Считая, что ничему особенному его учить не надо, Джо счел этот намек бестактным. Да и Бэзил в тот момент отнюдь не представлялся ему таким уж знатоком, хотя и прошёл весь этот процесс.

– Ты будешь курицу или ветчину? – Они принесли стулья к кухонному столу. – А молока хочешь?

– Спасибо!

Чувствуя избыток калорий – сегодня после ужина он плотно ел ещё целых три раза – Бэзил разошёлся. Мало-помалу он разворачивал перед Джо картину будущей жизни, блистательно трансформируя его из банального недотепы со Среднего Запада в  исполненного изящества и неотразимого для женщин жителя восточных штатов. Пройдя в буфетную убрать молоко, Джо задержался у открытого окна, чтобы немного отдышаться; Бэзил пошёл за ним.

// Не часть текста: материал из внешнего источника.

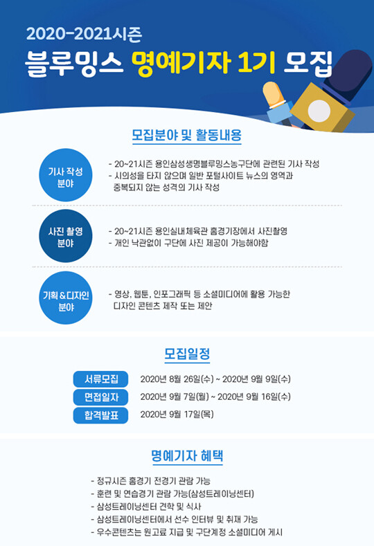이번 블루밍스 명예기자는 2020년이 첫 기수이다. 10월 초에 있을 발대식을 시작으로, 2021년 5월까지 약 7개월 동안 삼성생명을 취재하게 된다. 지원 분야는 기사 작성과 사진 촬영, 기획 및 디자인 등 3가지 분야로 블루밍스에 관심이 많은 팬이라면 누구나 지원할 수 있다.

– Дело в том, что если парня не научат жизни в школе, то ему придется всему учиться уже в университете, – продолжал Бэзил.

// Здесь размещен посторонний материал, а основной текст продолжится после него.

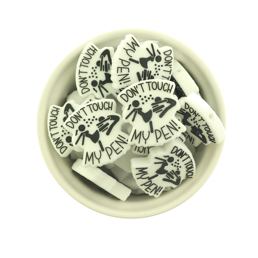Check out these unique "Don't Touch My Pen" focal beads! Perfect for someone who is a constant victim of pen theft!

От отчаяния Джо открыл дверь и вышел на заднее крыльцо. Бэзил пошёл за ним. Дом стоял на краю обрывистого холма, внизу располагался жилой  квартал, и двое мальчишек некоторое время стояли молча, глядя на разбросанные у подножия огни города в низине. Перед лицом загадочной и незнакомой людской жизни, протекавшей среди лежавших внизу улиц, Бэзил почувствовал, что смысл его слов вдруг как-то сжался и поблек.

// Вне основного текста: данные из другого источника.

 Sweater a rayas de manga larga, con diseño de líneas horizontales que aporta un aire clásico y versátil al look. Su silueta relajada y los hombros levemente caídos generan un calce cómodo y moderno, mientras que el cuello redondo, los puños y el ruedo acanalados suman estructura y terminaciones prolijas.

Он задумался,  о чем же это он говорил, и почему это казалось ему столь  важным – и когда Джо принялся опять негромко напевать, им вновь овладело тихое вечернее умиротворение, и он почувствовал, что верх одержала его лучшая сторона, обладавшая мудростью и выдержкой. Самообольщение, тщеславие и толстокожесть, под властью которых он провёл весь последний час, исчезли, и он очень тихо сказал:

– Давай прогуляемся по кварталу?

Тротуар под их босыми ногами был теплым. На часах было всего лишь двенадцать ночи, но площадь была пустой, если не считать их белевших фигур, почти невидимых во мраке под светом звезд. Они весело смеялись, чувствуя себя отчаянно смелыми. Лишь однажды, далеко впереди, улицу пересекла какая-то громко, по-человечески, топающая тень, но эти звуки лишь подчеркнули их собственную нематериальность. Быстро проскальзывая по освещенным газовыми фонарями полянкам среди деревьев, они обошли кругом весь квартал и прибавили шагу, как только впереди вновь замаячил дом Горманов – словно они и в самом деле потерялись посреди сна в летнюю ночь.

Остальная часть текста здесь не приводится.